Neste guia, você aprende a estrutura obrigatória, vê as diferenças entre os tipos de laudo e entende quais erros invalidam o documento.

O que é um laudo psicológico — e o que não é

O laudo psicológico é um documento técnico que comunica os resultados de uma avaliação psicológica realizada com o uso de instrumentos específicos (testes, escalas, entrevistas estruturadas). Ele não é:

  • Um simples relatório de acompanhamento terapêutico
  • Um parecer de opinião clínica sem respaldo em avaliação formal
  • Uma declaração de comparecimento ou atestado de saúde mental

A Resolução CFP 006/2019 estabelece as diretrizes para a elaboração de documentos escritos em psicologia e divide os documentos em: declaração, atestado, relatório, parecer e laudo. O laudo se distingue por ser sempre baseado em avaliação psicológica formal e por ter estrutura específica regulamentada.

Quando emitir um laudo psicológico

O laudo é indicado quando há uma demanda formal de avaliação por parte de terceiros — geralmente uma instituição ou processo legal. As situações mais comuns incluem:

  • INSS e perícia previdenciária: avaliação de capacidade laboral, transtorno mental incapacitante
  • Poder Judiciário: vara de família (guarda, adoção), perito assistente em processos criminais, avaliação de vítimas
  • Concursos públicos e cargos especiais: aptidão psicológica para policiais, bombeiros, motoristas
  • Contexto escolar/NEE: avaliação de necessidades educacionais especiais, superdotação, TDAH para fins de adaptação curricular
  • Contexto organizacional: seleção para cargos de risco, investigação de incapacidade laboral

Importante: o psicólogo clínico que acompanha o paciente não deve ser o mesmo que emite o laudo em contextos judiciais ou periciais — há conflito de função entre terapeuta e avaliador.
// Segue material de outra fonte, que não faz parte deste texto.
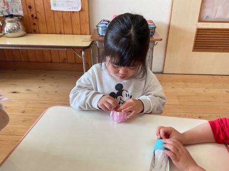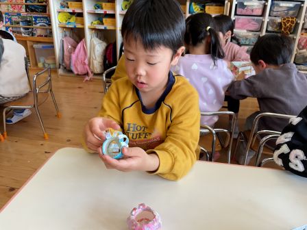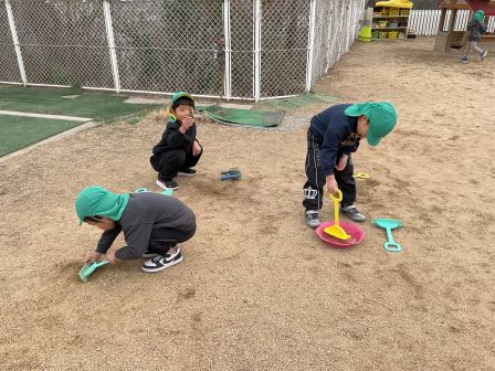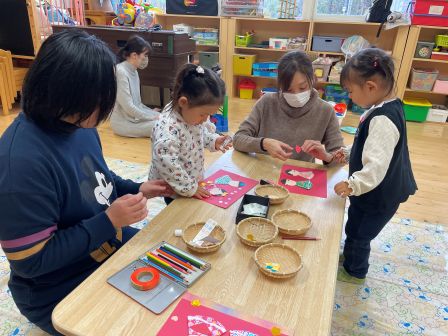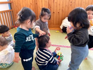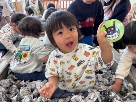 | | | | + お宝ゲット?!★らいおん組 | | 2026/02/12 | | 最近のらいおん組さんの外あそびで、ある事がはやっています。それはお宝集めです! そのお宝の正体とは……園庭に埋まっている石です!石の周りの砂をスコップ等を使って削ったり、時には水を使って地面を柔らかくする工夫をしたり。力を合わせて、大きな石がぼこっと取れるとみんな嬉しそうに見せてくれます。力いっぱい物を叩く時に腕の動きを鍛えたり、どうすれば石が取れるか考えたりあそびの中で色々な力が自然とついてきているのですね(^^)/ H/R | | | | + ひな人形製作 うさぎ組 | | 2026/02/12 | | 今日はひな人形製作をしました。 「今日は何するんだった?」と尋ねると「おひなさま〜」と。 予定をしっかり覚えてくれていました。 今日の製作は初めてする事でしたが、難しそうにしながらも頑張ってしてくれていました。 みんな難しい事でも諦めず頑張ってしている姿を見るととても嬉しいです。 | | | | + 宝ものみ〜っけ☆あひる組 | | 2026/02/09 |  | 「みてみて、あんぱんまーん(*^-^*)」 「こっちにばいきんまんいるよ(*^▽^*)」と子ども達は大興奮!! 新聞紙プールの中にたくさんの宝物があってみんな大はしゃぎで探しました! 大好きなキャラクターを見つけるととっても嬉しそうな表情をしていましたよ☆
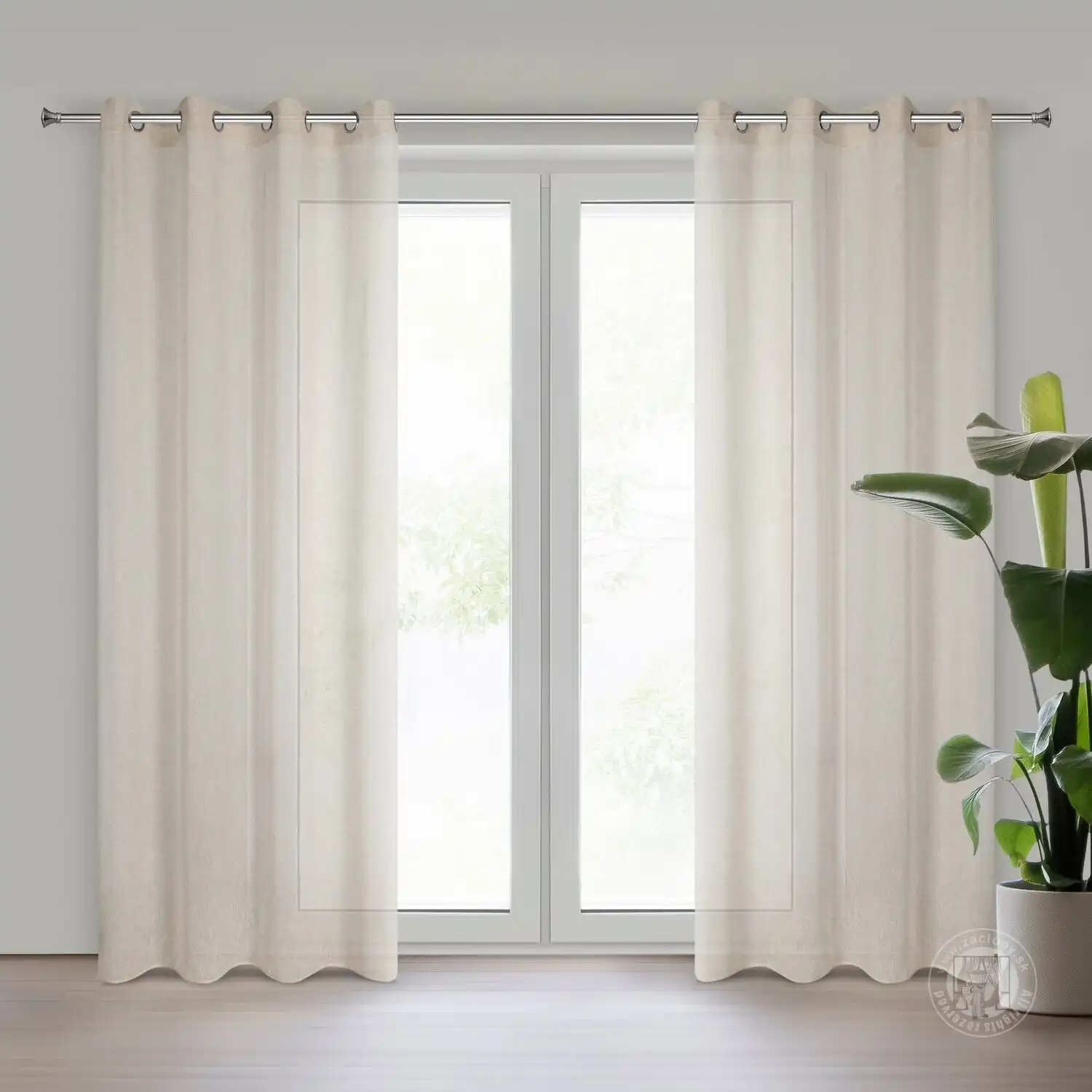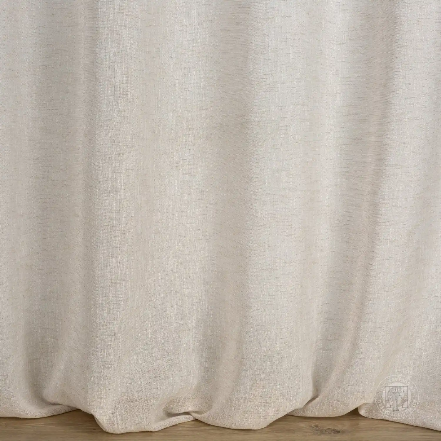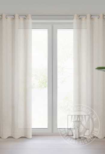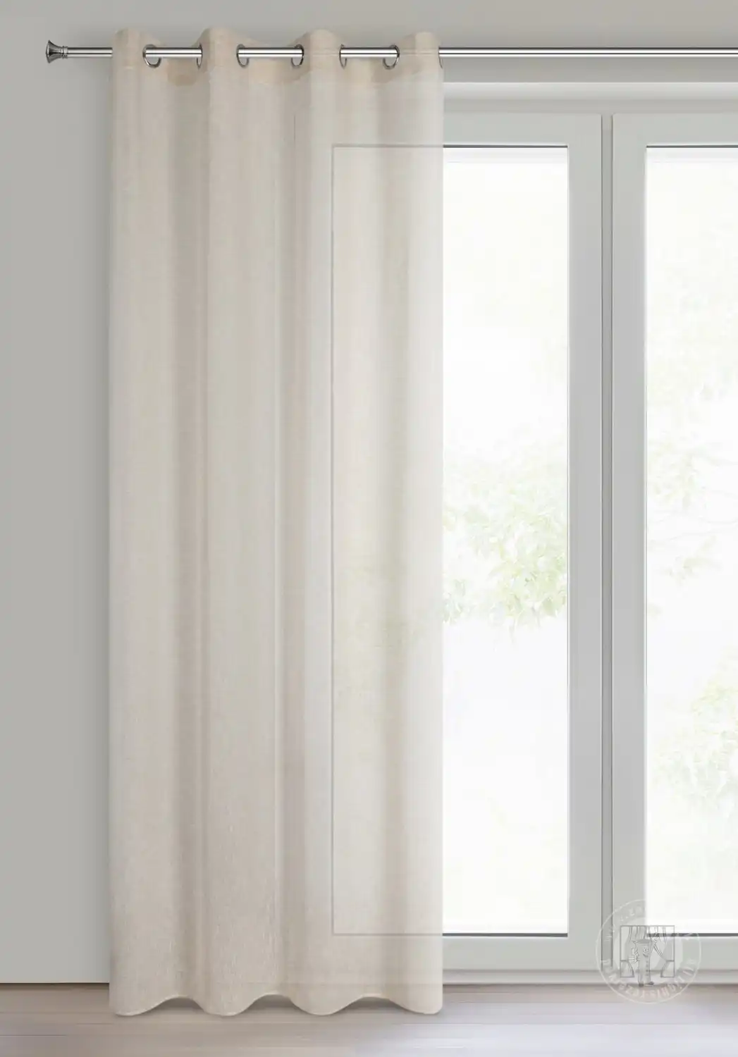 Hotový záves ANGELICA je vyrobený z ľahkej látky, ktorá jemne prepúšťa svetlo a dodáva každej miestnosti nádych ľahkosti a útulnosti. Látka sa vyznačuje jemným vzorom „dažďa“ – jemné, zvislé čiary rozložené po látke, ktoré závesu dodávajú elegantný, mierne trblietavý efekt.

Estrutura obrigatória segundo a Resolução CFP 006/2019

A resolução não prescreve um modelo único, mas define os elementos que o laudo deve conter. A estrutura mais amplamente aceita é:

1. Identificação

Dados do solicitante (nome da instituição ou pessoa que solicitou), dados do avaliado (nome, data de nascimento, escolaridade — sem CPF exposto desnecessariamente) e finalidade do documento.

Exemplo:

Solicitante: 1ª Vara de Família e Sucessões da Comarca de São Paulo/SP Avaliado: J.M.S., masculino, 8 anos, ensino fundamental I Finalidade: Avaliação psicológica para subsidiar processo de guarda compartilhada (Proc. nº XXXX)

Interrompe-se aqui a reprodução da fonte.